◆ WORK REQUEST
Print exactly the lines below between the line containing "Raildroad bridge over" and the line containing "CA Map (bottom)", counting both of those lines. Leave pictures out.

◆ TASK INPUTS

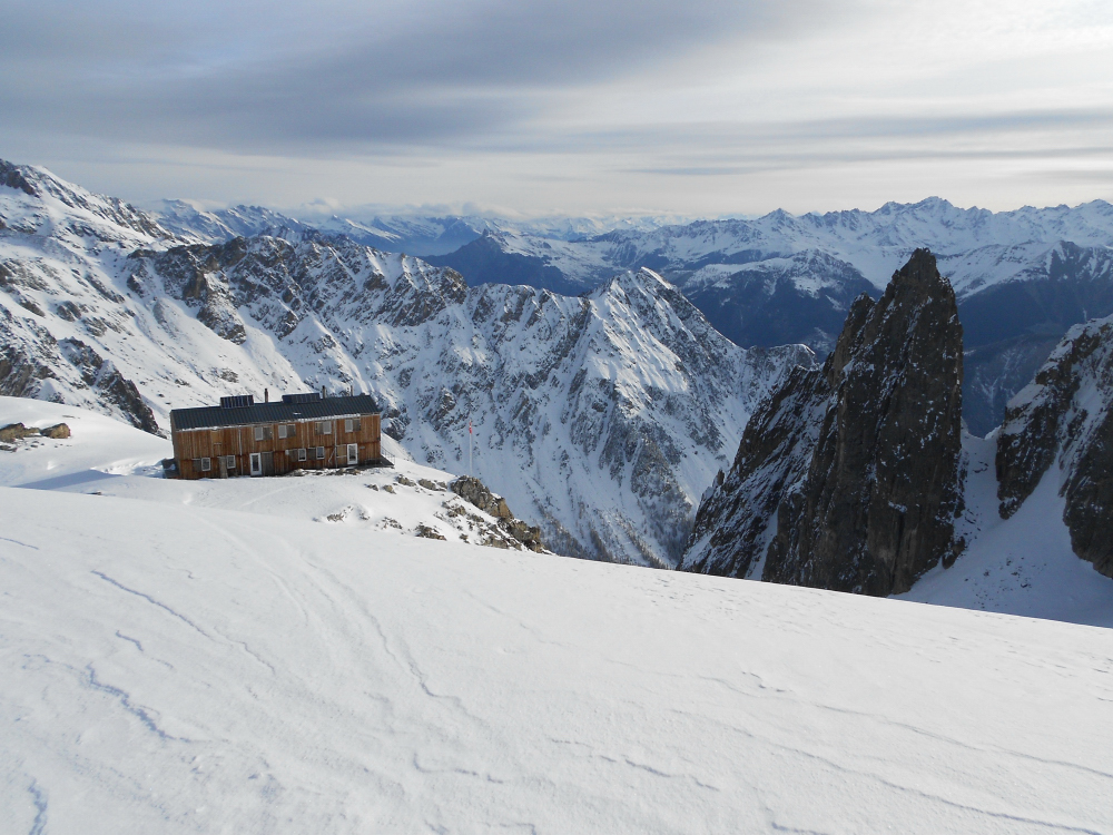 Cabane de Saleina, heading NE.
* * *
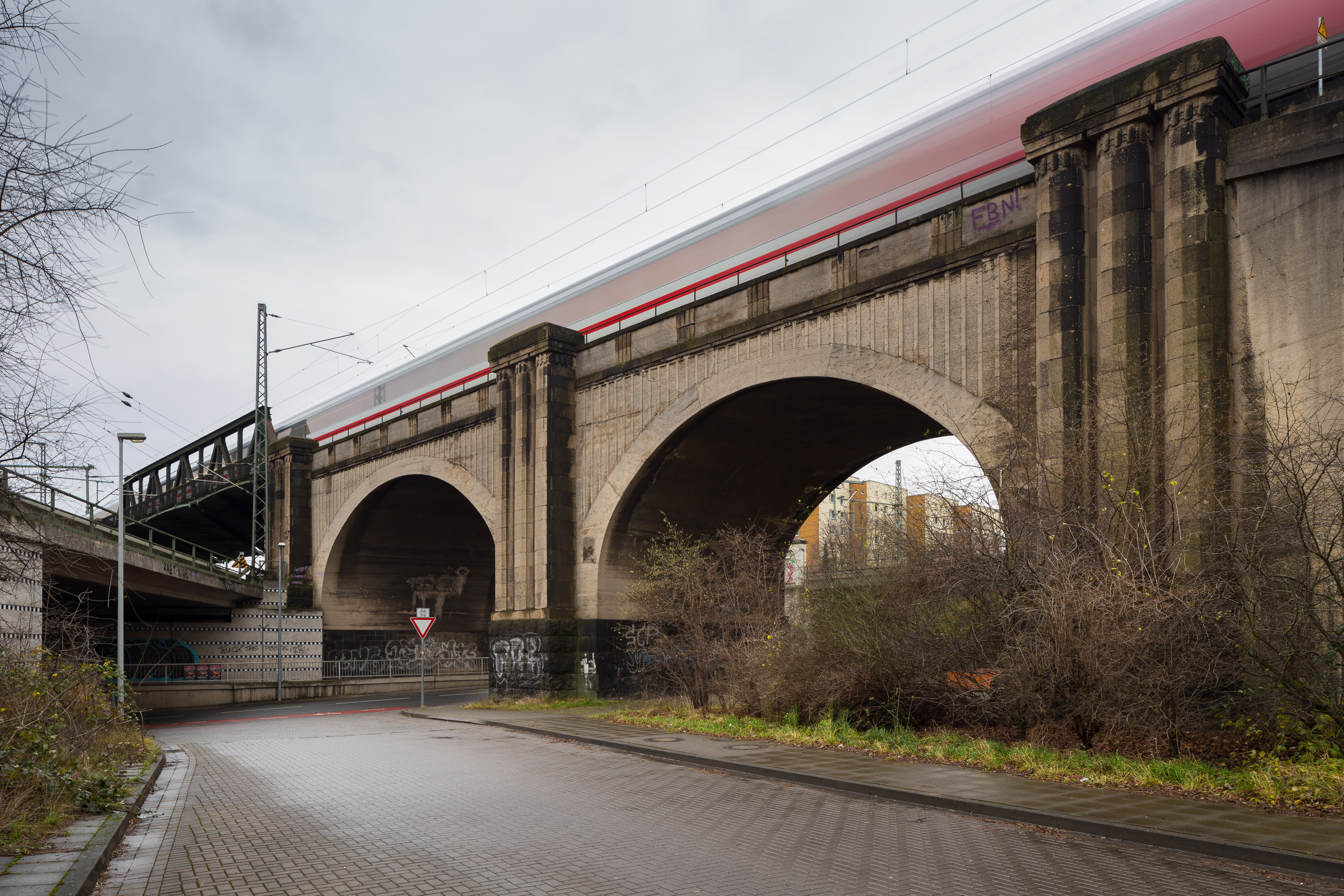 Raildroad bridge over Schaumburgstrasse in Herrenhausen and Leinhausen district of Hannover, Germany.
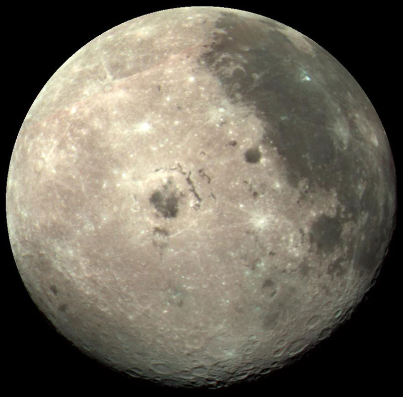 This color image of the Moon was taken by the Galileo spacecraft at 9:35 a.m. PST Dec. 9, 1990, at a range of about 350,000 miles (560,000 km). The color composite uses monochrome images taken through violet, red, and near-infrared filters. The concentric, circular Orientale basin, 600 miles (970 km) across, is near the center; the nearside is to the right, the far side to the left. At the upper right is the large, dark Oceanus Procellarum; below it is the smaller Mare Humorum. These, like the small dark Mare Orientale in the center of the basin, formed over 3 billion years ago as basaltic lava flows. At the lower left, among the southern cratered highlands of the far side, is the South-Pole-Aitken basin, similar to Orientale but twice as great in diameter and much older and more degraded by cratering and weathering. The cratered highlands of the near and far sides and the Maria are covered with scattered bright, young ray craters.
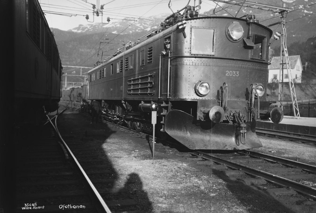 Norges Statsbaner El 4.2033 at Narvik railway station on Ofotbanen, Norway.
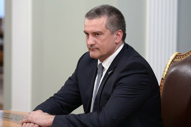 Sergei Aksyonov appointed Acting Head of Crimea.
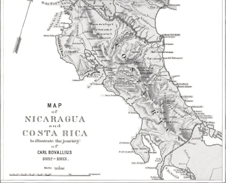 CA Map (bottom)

◆ ANSWER FOR THE TASK
 Raildroad bridge over Schaumburgstrasse in Herrenhausen and Leinhausen district of Hannover, Germany.
 This color image of the Moon was taken by the Galileo spacecraft at 9:35 a.m. PST Dec. 9, 1990, at a range of about 350,000 miles (560,000 km). The color composite uses monochrome images taken through violet, red, and near-infrared filters. The concentric, circular Orientale basin, 600 miles (970 km) across, is near the center; the nearside is to the right, the far side to the left. At the upper right is the large, dark Oceanus Procellarum; below it is the smaller Mare Humorum. These, like the small dark Mare Orientale in the center of the basin, formed over 3 billion years ago as basaltic lava flows. At the lower left, among the southern cratered highlands of the far side, is the South-Pole-Aitken basin, similar to Orientale but twice as great in diameter and much older and more degraded by cratering and weathering. The cratered highlands of the near and far sides and the Maria are covered with scattered bright, young ray craters.
 Norges Statsbaner El 4.2033 at Narvik railway station on Ofotbanen, Norway.
 Sergei Aksyonov appointed Acting Head of Crimea.
 CA Map (bottom)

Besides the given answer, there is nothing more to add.